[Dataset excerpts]
┏━━

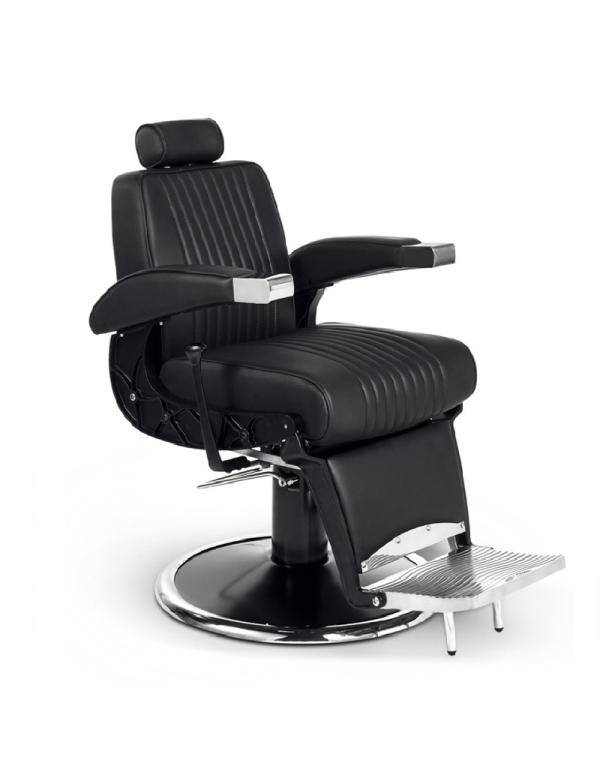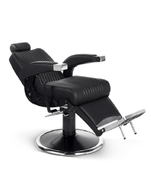 Sillón de barbero tapizado en serie negro con estructura negra elevación hidráulica con freno y giro 360˚, reposacabezas ajustable en altura, respaldo reclinable manual y reposapiés.
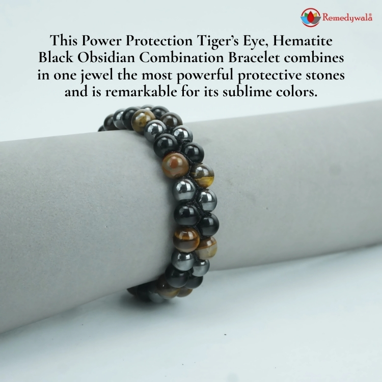 Tiger's Eye, Hematite & Black Obsidian Combination Bracelet Double Layer 8mm
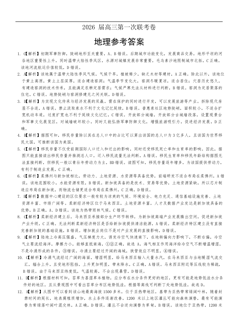 高三地理答案--湖南名校联考联合体2026届高三上学期10月月考
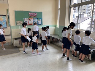 今月から、たてわり清掃が始まりました。福島小学校では、月一回たてわり班で掃除をしています。6年生の子達が1年生の子もできる仕事を考えて、いっしょに清掃をがんばっています。掃除が終わった後は、しっかりと反省会も行っています。
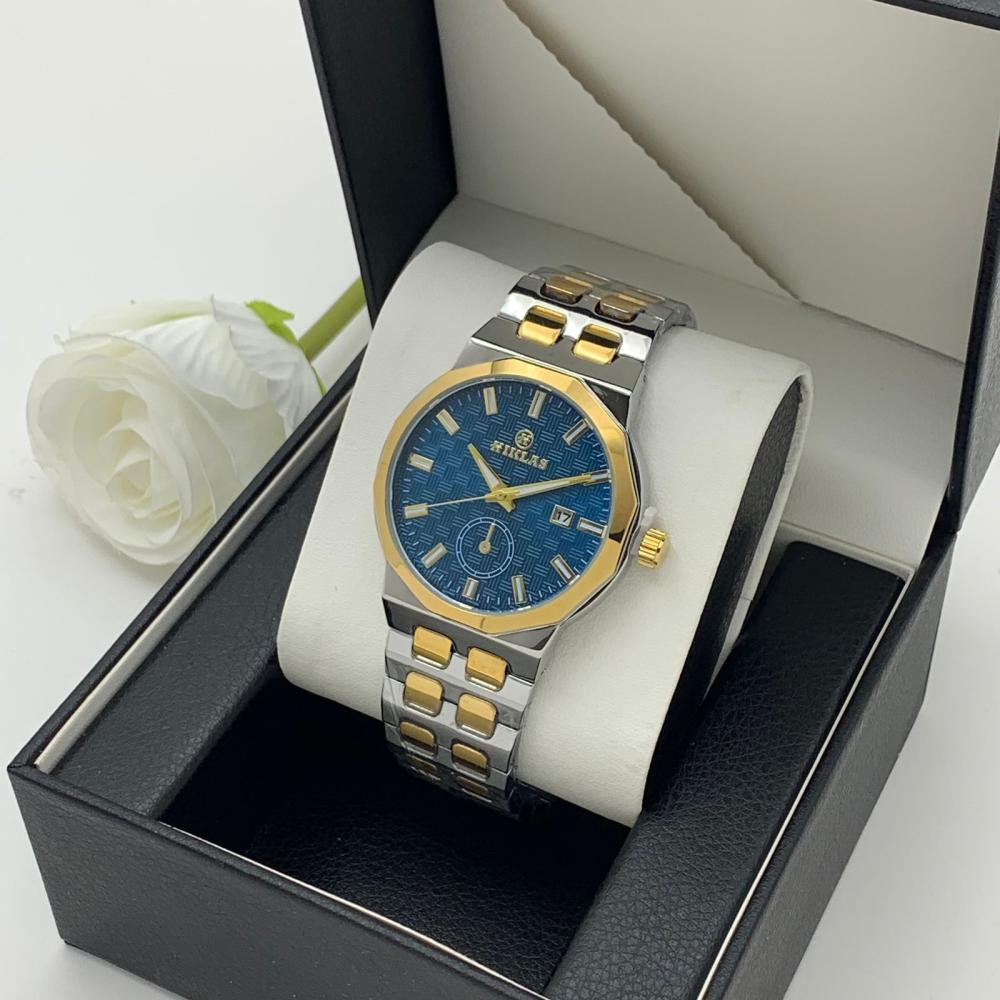 ساعة رجالية جذابة بتصميم رائع بسير من الستانلس ستيل ذهبي مع فضي وميناء ازرق 678548
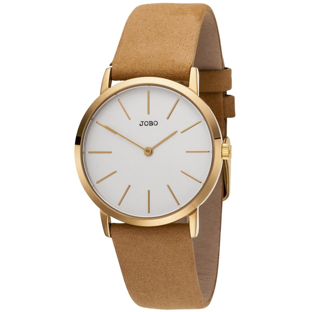 Damenarmbanduhr der Marke JOBO, Quarz-Analog, Gehäuse und Boden Edelstahl, vergoldet, Mineralglas, Strichskala, wassergeschützt bis 3 ATM, Lederband beige mit Dornschließe, Miyota-Werk, Bandlänge ca. 19,5 cm
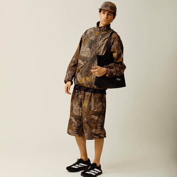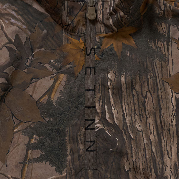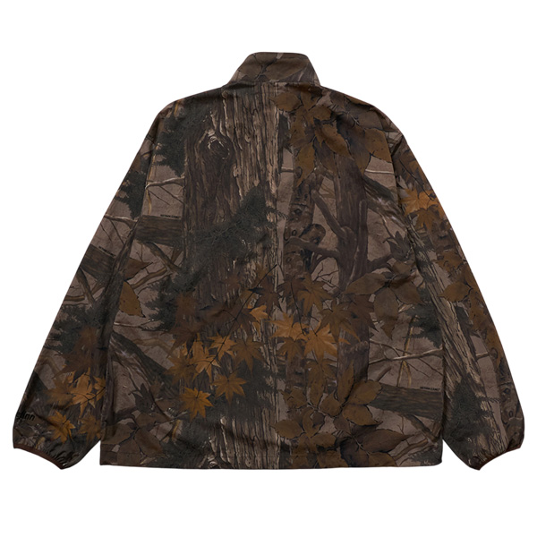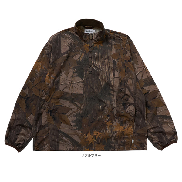 | 特徴 | ハーフジップタイプのナイロンジャケットです。 フロントテープにブランドネームをデザインし、裾にはドローコードが内蔵されています。 オリジナルのリアルツリーカモフラージュ柄とシンプルな無地2モデルの3デザインです。 オリジナルのリアルツリーカモはウッドラケット時代の材料となる品種を組み合わせて構成されています。 |
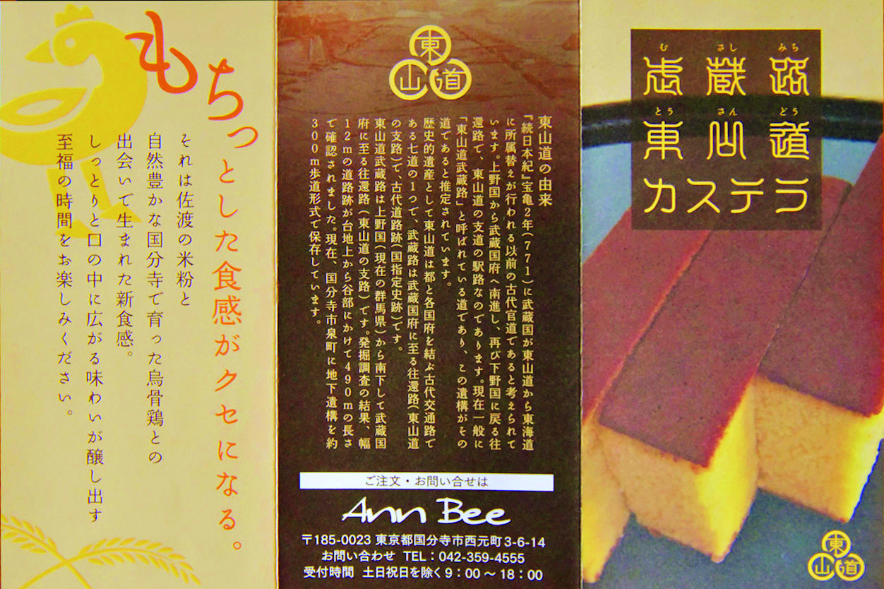 ![]() 左ーのパッケージ内には『武蔵路東山道カステラ』と書かれています。 右ーカステラの上面には『ぶんじほたるホッチ』の焼印があります。 *1 ぶんじほたるホッチは、タツノコプロの吉田すずか氏のデザイン 材料:卵[国分寺産烏骨鶏卵(小林養鶏場)]、佐渡産米粉、米飴、蜂蜜、白双糖 【商品のお問い合わせ】 AnnBee TEL: 042−359−4555 AnnBeeのお店 トップへ

┗━━

What to work on — In the data above, find the line with "特徴 | ハーフジップタイプのナイロンジャケットです。" and repeat it and every line after it through the end, exactly; leave the pictures out.

Reply to the exercise —
 | 特徴 | ハーフジップタイプのナイロンジャケットです。 フロントテープにブランドネームをデザインし、裾にはドローコードが内蔵されています。 オリジナルのリアルツリーカモフラージュ柄とシンプルな無地2モデルの3デザインです。 オリジナルのリアルツリーカモはウッドラケット時代の材料となる品種を組み合わせて構成されています。 |
 ![]() 左ーのパッケージ内には『武蔵路東山道カステラ』と書かれています。 右ーカステラの上面には『ぶんじほたるホッチ』の焼印があります。 *1 ぶんじほたるホッチは、タツノコプロの吉田すずか氏のデザイン 材料:卵[国分寺産烏骨鶏卵(小林養鶏場)]、佐渡産米粉、米飴、蜂蜜、白双糖 【商品のお問い合わせ】 AnnBee TEL: 042−359−4555 AnnBeeのお店 トップへ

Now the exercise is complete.